SOURCE MATERIAL =>
╔══
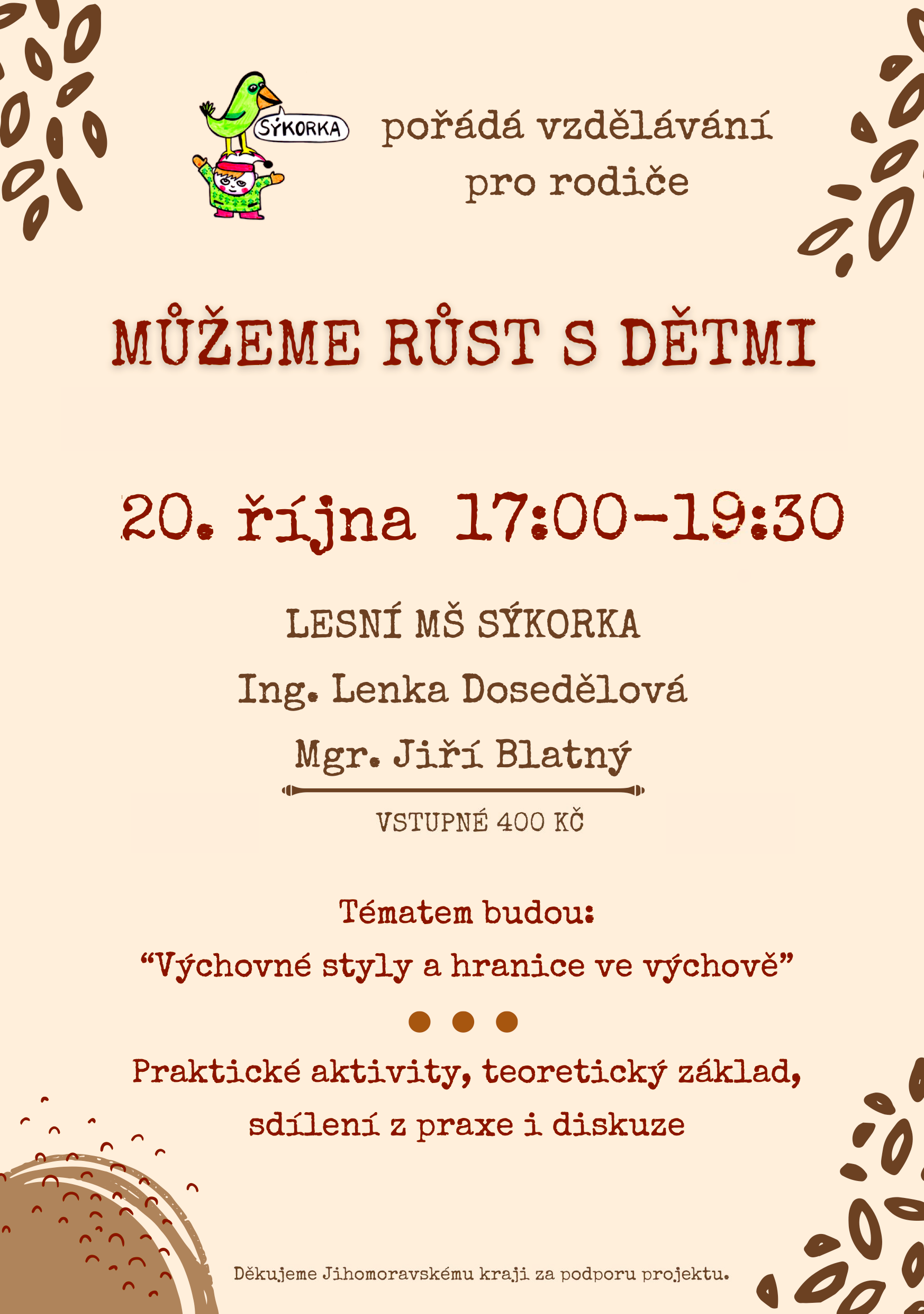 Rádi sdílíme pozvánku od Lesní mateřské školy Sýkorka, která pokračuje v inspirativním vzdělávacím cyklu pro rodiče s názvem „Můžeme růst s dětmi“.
╚══
╔══
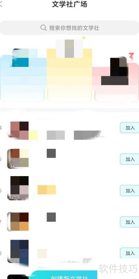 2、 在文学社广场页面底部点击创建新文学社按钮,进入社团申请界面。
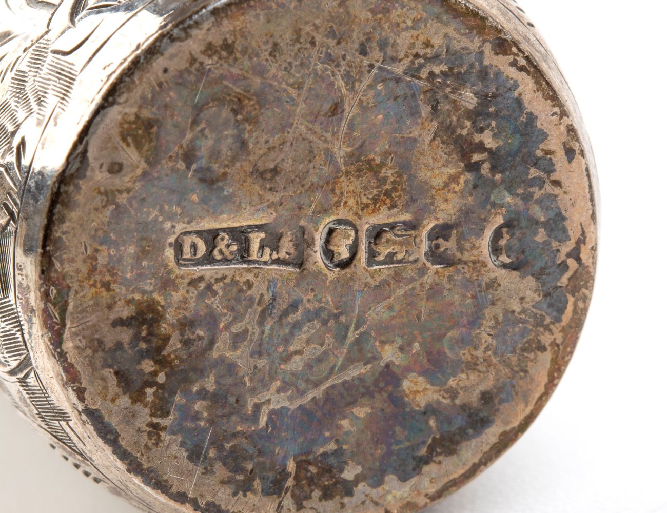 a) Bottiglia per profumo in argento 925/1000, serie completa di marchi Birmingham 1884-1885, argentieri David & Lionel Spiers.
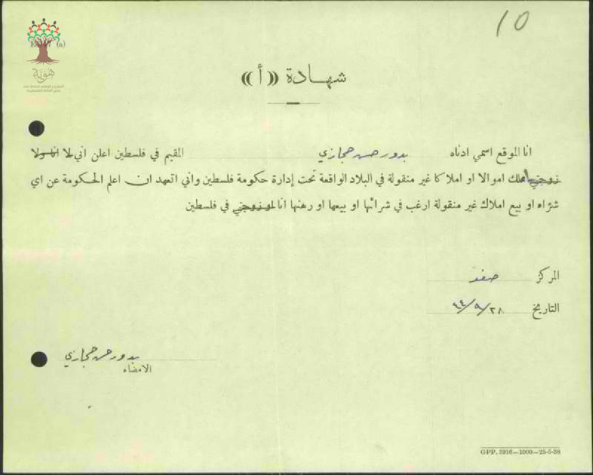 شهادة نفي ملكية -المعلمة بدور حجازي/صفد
╚══
ACTIVITY => With the pictures omitted, restate word for word the lines above from the line that has "a) Bottiglia per" up to and including the line that has "شهادة نفي ملكية -المعلمة بدور حجازي/صفد", and no other lines.

RESULT OF THE EXERCISE =>
 a) Bottiglia per profumo in argento 925/1000, serie completa di marchi Birmingham 1884-1885, argentieri David & Lionel Spiers.
 شهادة نفي ملكية -المعلمة بدور حجازي/صفد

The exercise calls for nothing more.